So more rich people are moving into Kansas because they get lower tax rates. So your article and wale's article are in agreement on that.
Assuming only rich people were crossing over, not much to that assessment. If anything, that's good for Kansas.
It seems that Kansas and Texas have another thing in common. Those who are employed are in low-wage jobs and high-wage jobs aren't growing very fast. Therefore state revenue isn't high enough to pay for the state's expenditures.
So yeah, @waleuska is on to something.
That's a problem with a very clear beginning:
The people of Kansas are in need of capital. Without capital, there are limited businesses, limited growth, limited hiring, limited money for consumers, limited taxable income, limited money to afford various state expenditures. Reduction of tax rates allow for savings and investment, which provide an increase in capital.

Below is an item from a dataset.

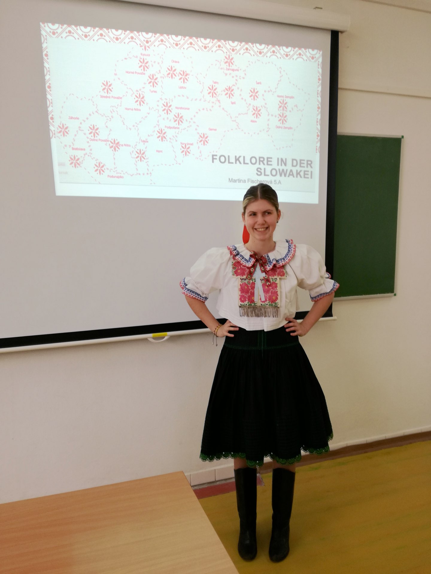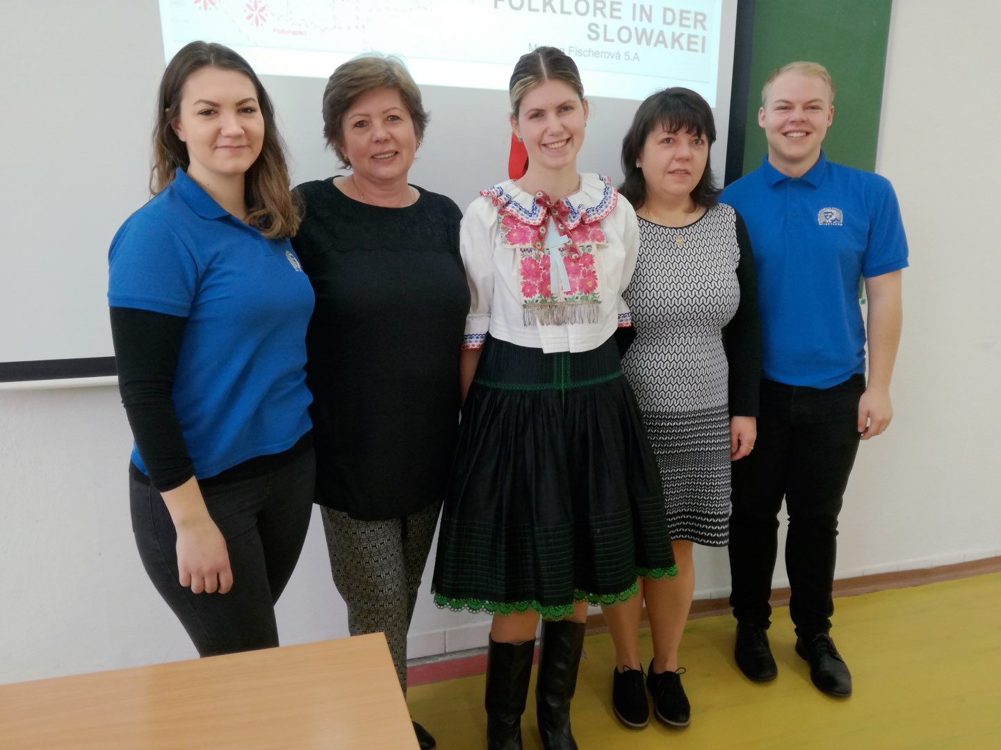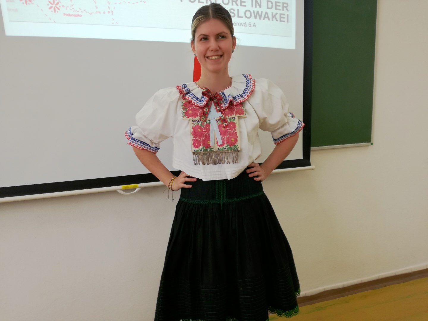 Dňa 11. 4. prebiehala na škole ústna časť nemeckej jazykovej skúšky Sprachdiplom. Zúčastnilo sa jej 13 žiakov zo 4.C, 5.A a 5.B triedy. Súčasťou ústnej skúšky je prezentácia vybranej témy, napr. Slovenský folklór, ktorý prezentovala Martina Fischerová z 5.A.

As I've said, far too soon to tell. Interstate politics is fairly murky as it is, the year after Governor Brownback dished out his ambitious plan he implemented a raise on the sales tax twice (summer of 2015) and the income tax once, all of which he shouldn't have done. The raise on the sales tax primarily hurts the middle class. Instead, more cuts to the state budget should have been enforced. He's taken flack from both liberals and conservatives for this flip-flopping.
And in this case it didn't happen.
You're far too trigger-happy. Job growth remains steady as traditionally observed in Kansas, a state that's not immediately impacted by recessions or growth as any other states. Far too soon to make a call either way whether Brownback has done well for the people of Kansas.
Keep linking to leftist sources for your terribly weak arguments, though. Tearing them apart is pretty fun.
Edited by Phenomiracle, 30 January 2016 - 02:43 PM.